Occasionally, we encounter a bit of writing that gels a thought we previously had left murky and undefined. Montaigne did that for Eric Hoffer. In his story “Zetland: By a Character Witness,” Saul Bellow describes a young man (based on Isaac Rosenfeld) who abandons philosophy after reading Moby-Dick. My experience is a little less dramatic. The passage above comes from an essay Bryan Appleyard published in 2007, “Poetry and the English Imagination.” Bryan is thoughtful and prolific, and I wasn’t expecting him to realign my thinking, but suddenly I understood that English is the nation of poets, and that Englishness, more than the essence of any other nation, is largely defined by its poetry. At the time I wrote: “Try to imagine your emotional, sensory and intellectual lives without the gift of English poetry.” No doubt, some will find the thought offensive. As Bryan says, “We are a nation defined by and consisting of poets.

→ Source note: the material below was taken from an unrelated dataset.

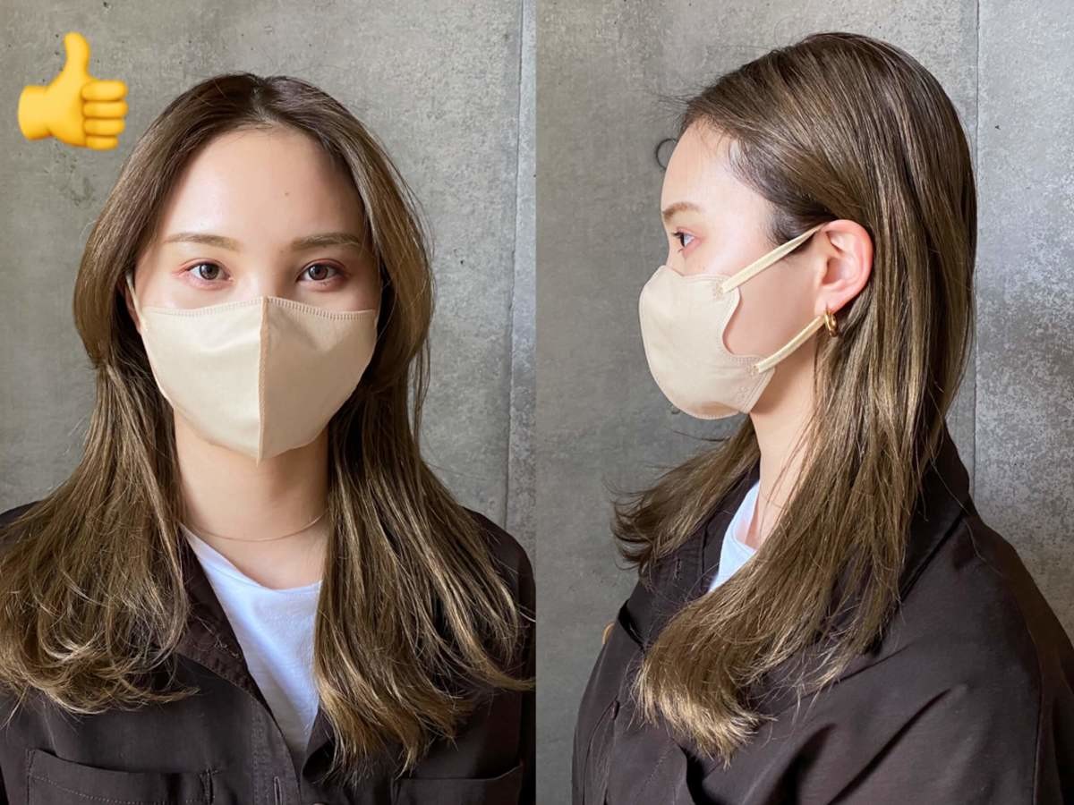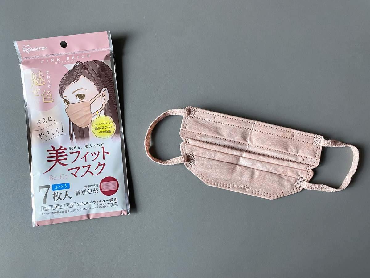 小顔に見せるには、形も大切だけど、カラー選びも大切。ピンクベージュは、白色のマスクを付けた時よりも、肌なじみがよくて、顔が引き締まって見え、小顔効果があるなと思いました。

To deny this is to deny England.” There is no rival.

On his own, a reader sent me Bryan’s essay because, he said, “I thought you’d get a kick out of it.” He’s right, especially because I hadn’t read it in several years and because I had forgotten Bryan’s speculation as to why our cousins are poets:  

“But the truth, I suspect, is that it is the English language itself which made us poets. This is, of course, unprovable, not least because of the chicken and egg question – did the language make the English poets or did the English make the language poetic? But, if only subjectively, I think some kind of case can be made.”

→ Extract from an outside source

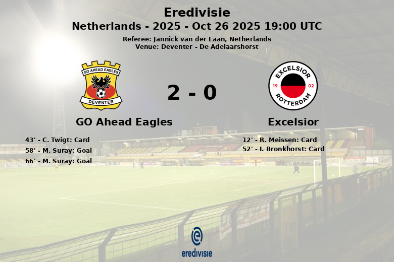 Titre: GO Ahead Eagles Domine Excelsior à Deventer avec un Doublé de Suray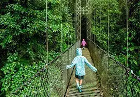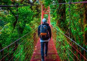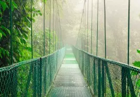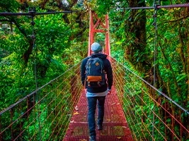I Monteverde kan du oppleve den mystiske tåkeregnskogen ovenfra, på en vandring på hengebroer som er spent mellom tretoppene. Her kiler det herlig i magen!

For Bryan, the English line peters out after Auden. I can’t agree: Larkin and Hill, and down a notch, Stevie Smith and C.H. Sisson. But that’s quibbling. Yes, the Americans, for a brief spell, picked up the slack, but that tributary too has also run dry. Bryan’s fondness for Ashbery is an aberration we can forgive:    

“Nobody can understand England without some sense of her poetry. That means, of course, that very few now understand England. Perhaps that is the way it must be: “The roar of time plunging unchecked through the sluices / Of the days” (Ashbery) must sweep all away. But, though the signs are not good, English poetry is buried too deep in English soil ever to be quite eradicated; and so, like Hamlet, we must defy augury and send the brats home to learn at least a sonnet a night.”

2 comments:

Anonymous said...

An Englishman writing in English about the superiority of the English and their language over not just the rest of the Brits but about everyone else too. And they dare call the English parochial and insular!

Marly Youmans said...

"Yes, the Americans, for a brief spell, picked up the slack, but that tributary too has also run dry."

Well, that's fairly sweeping, isn't it? How can you possibly compass what has been done in the past decades? It is a Niagara of material. Admittedly, I find a terrific amount of poetry in plain style free verse that descends from prose, not poetry, and never pleases me.

How astonished the nineteenth century in this country would be to see Whitman and Dickinson as stars in the firmament of poetry.